• _Exercise_: Nothing but the lines from the top of the records through the line with "再起锅加油,放入事先准备好的" should be returned, exactly, and without pictures.
Segment Start: Task inputs
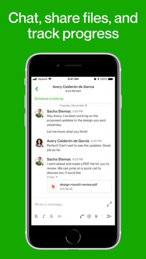 Use Upwork to chat or video call, share files, and track project milestones from your desktop or mobile device.
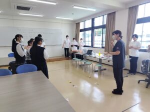 次に、教員による学科説明後、体験へと
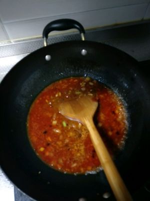 再起锅加油,放入事先准备好的葱姜蒜,干辣椒段,然后加入豆瓣酱,炒啊炒啊,多炒一会
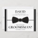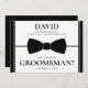 Invite your groomsman in style with this elegant, customisable proposal card. Featuring a sophisticated design with black accents and a formal bow tie illustration, this card is perfect for asking your closest friends to stand by your side on your wedding day. Personalise it with the recipient’s name and a heartfelt message. You can also add a custom date for that extra personal touch—a stylish, modern way to ask your groomsmen to be part of your special day.
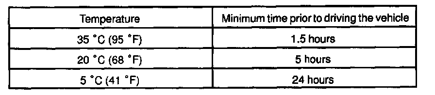 NOTE: Take care not to drive the vehicle during the time described in the table.
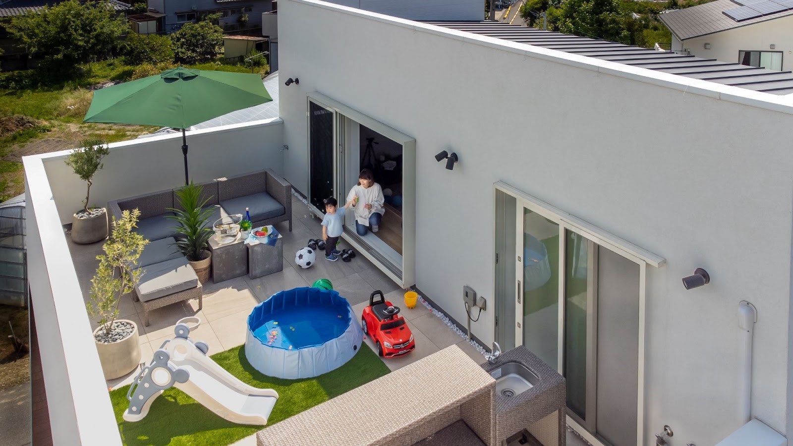 パパがゴルフのパット練習に使ったり、ママがヨガを楽しんだり、子どもたちがシャボン玉をしてみたり。ルーフバルコニーの空間があることで生活に彩りが増えます。
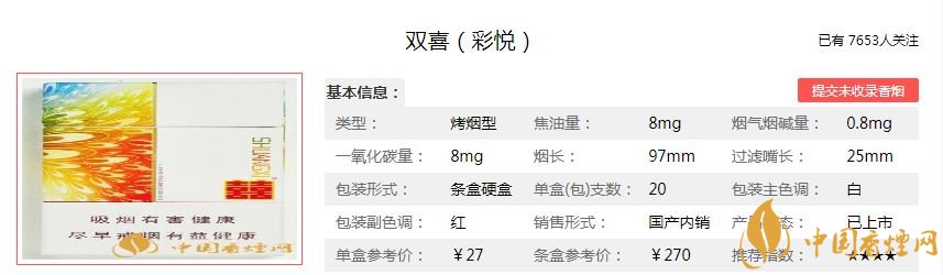 這款煙在廣東反而不多見,包裝簡(jiǎn)約之中有炫目多彩的時(shí)尚氣息。雙喜彩悅沒有降低煙氣的凹槽,也無兩排細(xì)細(xì)的降焦線,絕對(duì)的素面朝天。香煙價(jià)位中等,但是質(zhì)量比較不錯(cuò),值得一品。經(jīng)調(diào)查雙喜彩悅售價(jià)為27元/包。
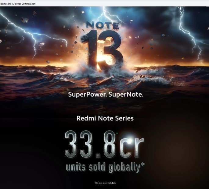 La imagen confirma que la línea Redmi Note 13 5G estará disponible en los minoristas más grandes del mercado indio: Amazon y Flipkart. El segundo póster revela que hasta ahora se han vendido más de 33,8 millones de unidades de la serie Redmi Note en todo el mundo.
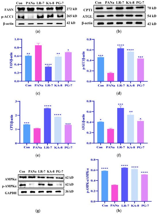 Effects of LR-7, KA-8, and PG-7 on the lipid metabolism in PANa-induced HepG2 cells. The expression of FANS, p-ACC1, CPT1, ATGL, and AMPKα were evaluated (a,b,g). The levels of FASN (c), p-ACC1 (d), CPT1 (e), ATGL (f), and p-AMPKα (h) were analyzed in PANa-stimulated HepG2. Con: normal control; PANa: HepG2 was treated with 350 µM PANa for 24 h. HepG2 was incubated with 100 µM KA-8 (KA-8 group), LR-7 (LR-7 group), and PG-7 (PG-7 group) for 4 h, followed by 350 µM PANa treatment for 24 h. *, **, ***, and **** represent p < 0.05, <0.01, <0.001, and <0.0001 compared with the PANa group, respectively.
Segment End: Task inputs
• _Result for this exercise_:
 Use Upwork to chat or video call, share files, and track project milestones from your desktop or mobile device.
 次に、教員による学科説明後、体験へと
 再起锅加油,放入事先准备好的葱姜蒜,干辣椒段,然后加入豆瓣酱,炒啊炒啊,多炒一会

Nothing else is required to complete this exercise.